This is certainly not the first time I've encountered this strategy, in fact
it seems to be the dominant mindset among successful companies - 'We are only
going to hire people who are super good at what they do already. In fact, I
want them to be better than me. We only want the best engineers out there,
because we are one of the best companies out there, so we look extra carefully
at your credentials and if they are not on par with industry leaders, you're
out.' Right?

Wrong. If you invest in some stock for a company that is already doing well,
there's a decent chance of you making money off it, sure. There's also a
decent chance that you won't. It's a pretty standard and usually safe
investment. Where the real money comes from is when you do research and find a
company that's not already successful, but that you see a lot of promise in.
This is (obviously) the entire driving force behind startups and venture
capital, and the strategy behind the success of wildly successful investors.

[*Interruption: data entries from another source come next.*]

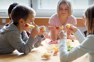 Kinder essen regelmässig Znüni und Zvieri. In der Rezeptbroschüre finden sich abwechslungsreiche, schmackhafte und gesunde Ideen für den Zvieri in der Betreuung oder den Pausenkiosk. Die Rezepte eignen sich sehr gut, um sie zusammen mit den Kindern zuzubereiten.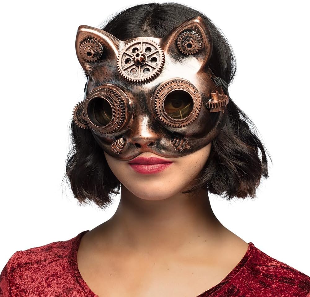 Descrizione Questa insolita mezza maschera del marchio Boland combina dettagli moderni con un giocoso look da gatto e aggiunge un tocco distintivo al vostro abbigliamento. Con il suo design unico e il suo stile robusto di ispirazione vintage, è l'accessorio ideale per feste a tema, cosplay, festival o carnevale. La maschera si adatta perfettamente a qualsiasi costume steampunk e porta il vostro look a un livello superiore. Il suo stile accattivante vi permetterà di essere sotto i riflettori e di attirare l'attenzione. Sia che vogliate rappresentare un "gatto a vapore" o una figura misteriosa, questa maschera è un vero e proprio eye-catcher. Contenuto della confezione Demi-masque de Steamcat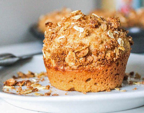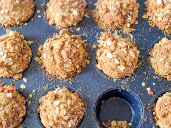 3. الخطوة الثالثة: في وعاء صغير، اخلط ملعقتين كبيرتين من الدقيق، وربع كوب سكر، ونصف ملعقة صغيرة من القرفة، ضع الزبدة حتى يصبح الخليط مثل الفتات الخشن، يرش الخليط بالتساوي فوق خليط المافن.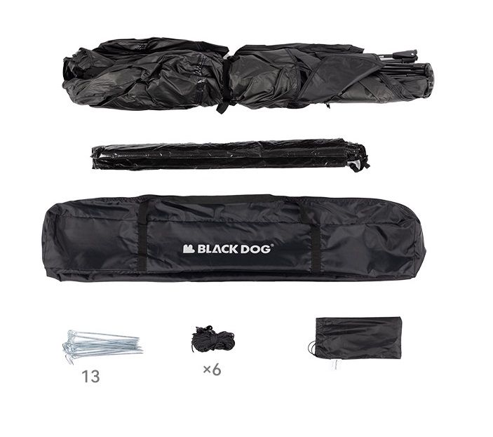 - В комплекте 2 стойки 2,4 метра высотой, Ø25мм, стропы и колышки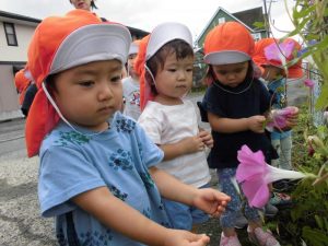 保育者が「あさがおって言うんだよ」と教えると保育者の真似をして「あ・さ・が・お」とかわいい声で言っていました✨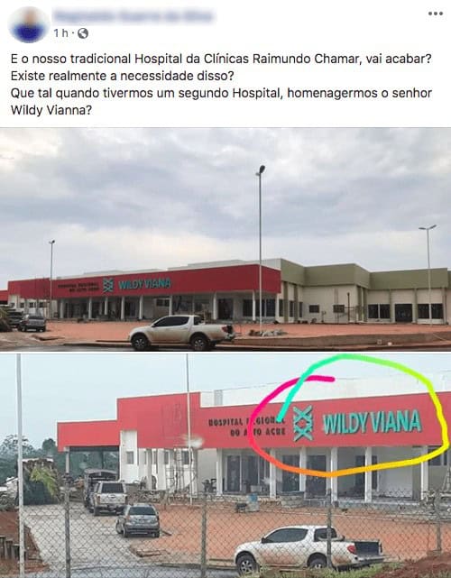 Fotos que circulam nas redes sociais neste domingo, dia 26, levantou uma polêmica entre os moradores e os que defendem o atual governo de Sebastião Viana (PT). Prestes a entregar parte de sua obra depois de quatro anos de atraso, moradores registraram a fachada com o nome de Wildy Viana, que também é pai do senador Jorge Viana.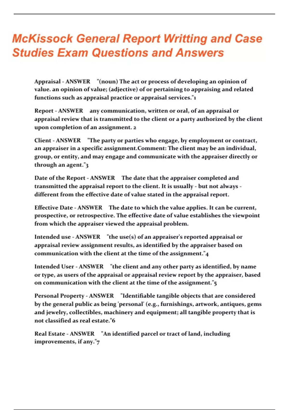 McKissock - General Report Writing and Case Studies Exam Questions and Answers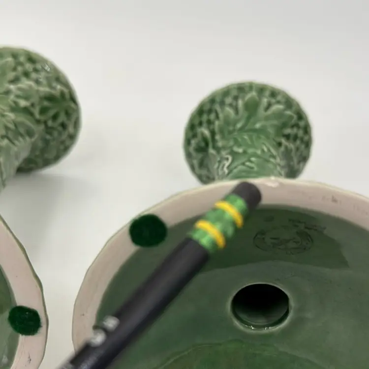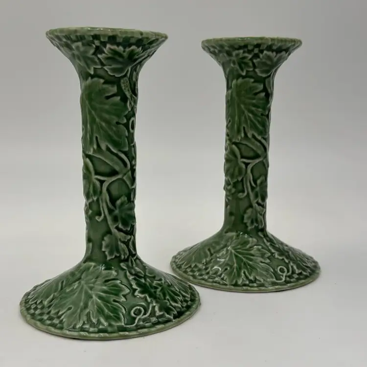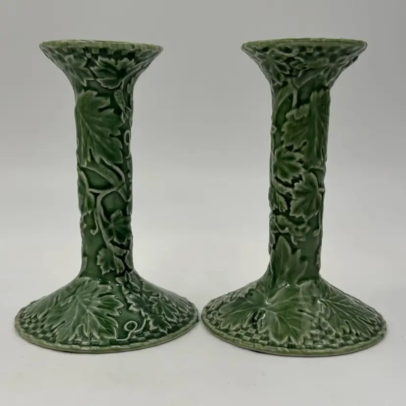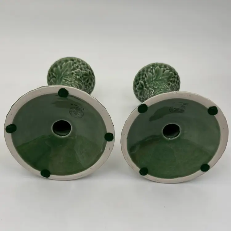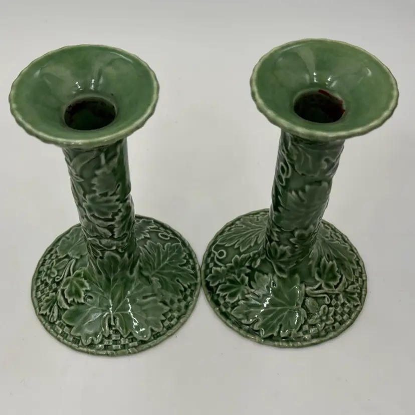 6” T 4”W has a flee bite on very bottom of one candel holder has some crazing from age. Does not take away from the beauty of these two candle holders.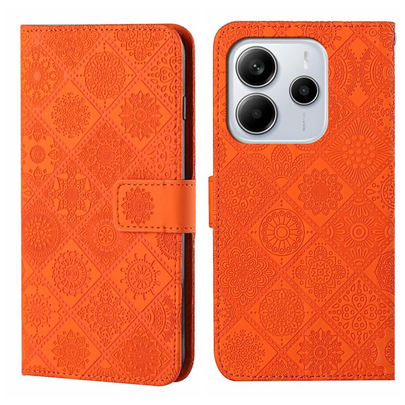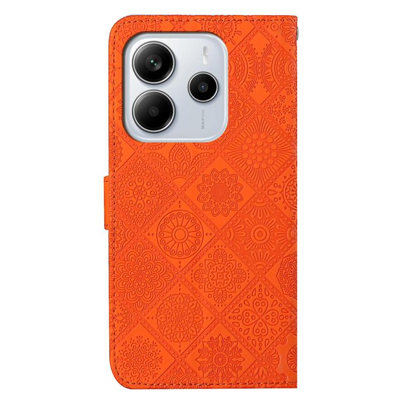 For Redmi Note 14 4G 163.25mm Ethnic Style Embossed Pattern Leather Phone Case(Orange)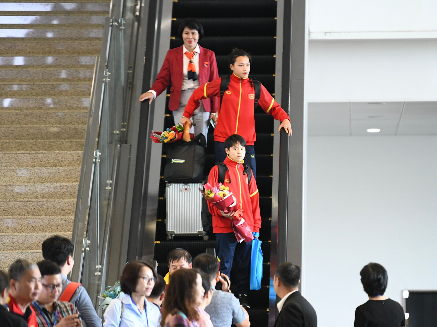 Phó Cục trưởng Cục TDTT Lê Thị Hoàng Yến chào đón Đội tuyển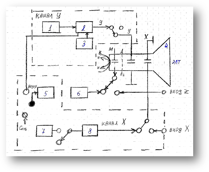 На вход поступает исследуемое напряжение, которое либо ослабляется на делителе напряжений «АТ» (1), либо усиливается на усилителе «УС» (2) и поступает на пластины вертикального отклонения. С помощью калибра амплитуд «КА» (3) меняется коэффициент усиления. Усилитель преобразует исследуемый сигнал до величины достаточной для отклонения луча по вертикали на весь экран.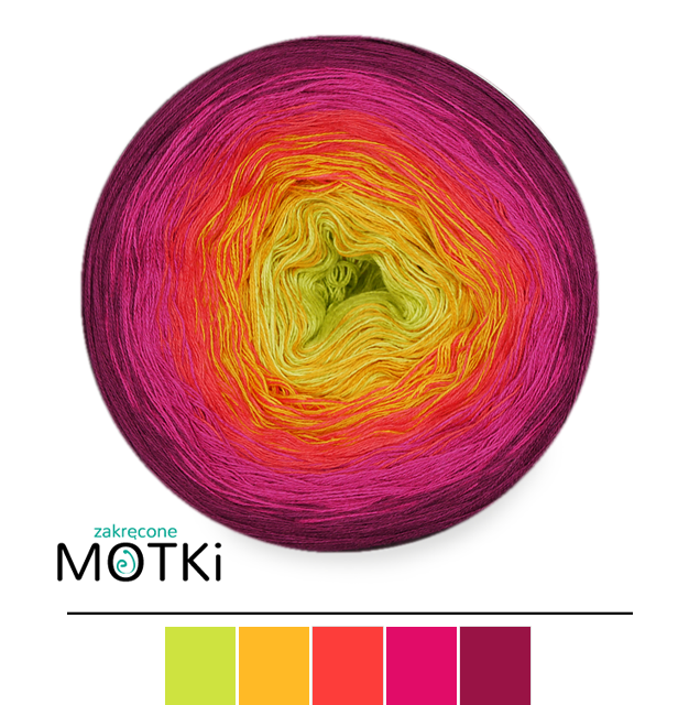 (5) Włóczka Ombre bawełna/akryl B434: kiwi/ kurkuma/ koral/ fuksja/ jeżyna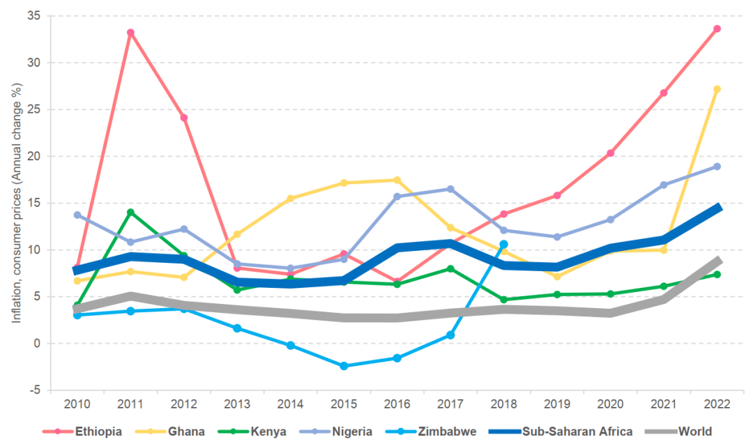 除了数字经济快速发展的推动以外,当前非洲经济发展存在如高通胀率、货币波动性、银行服务覆盖率低以及金融基础设施薄弱等问题,而稳定币提供了一种相对稳定的交易媒介,帮助非洲民众和企业应对这些经济挑战。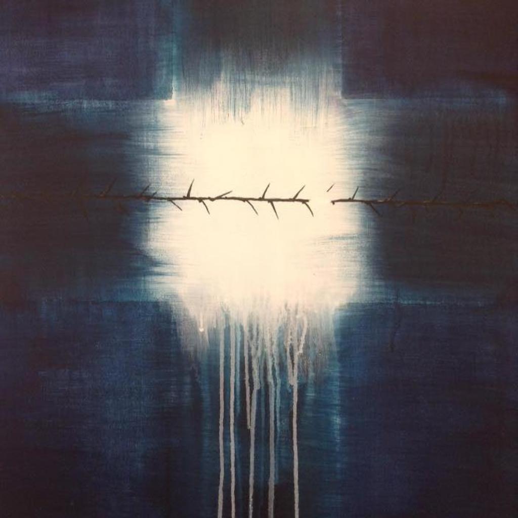 Dit werk is een kruis, waarbij op de kruising ervan het licht straalt. Verder heb ik de doornenkroon in een lijn gezet, die onderbroken is, omdat het is volbracht! Vandaar de naam "Bevrijding"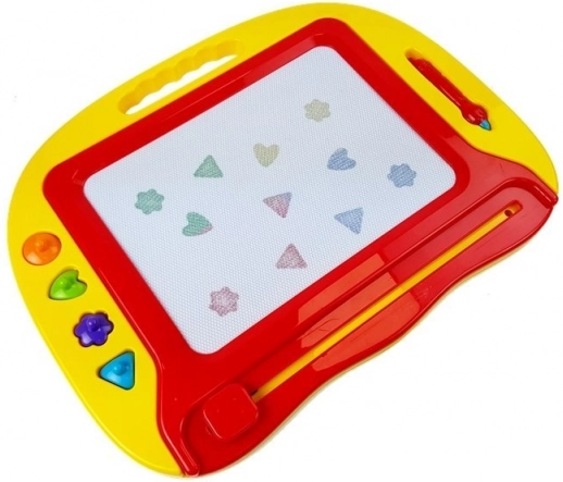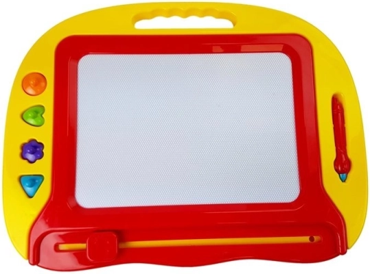 Rdeča magnetna tabla je idealna igrača za mlade ustvarjalce. Ta zabavna igrača otrokom omogoča neskončno ustvarjanje z enostavnim brisanjem risbe. Vsebuje:

You are winning when you see passion for learning and potential for growth in
a candidate and pick them up based on that. This way you don't have to pay out
as much as you would for someone that already is well recognized within the
industry, and you get a lot more loyalty, and a chance to build this employee
and support them along their path to greatness. In the end, if you can find
these kinds of people and grab them earlier on, you profit far more than other
companies that fight over the few current industry leaders and burn through
money and effort to keep them on board.

------
jonbischke
We're moving into a world in which people will increasingly be judged by their
work product online (e.g., Github commits, Quora answers, etc.) versus what
they say about themselves (e.g., their resume or LinkedIn profile). This
change won't be overnight and won't be complete of course but over time could
create a virtuous cycle where the importance of having a better "living
resume" (your online work/portfolio) will drive increased activity for all of
those sites which will in turn make those living resumes more robust.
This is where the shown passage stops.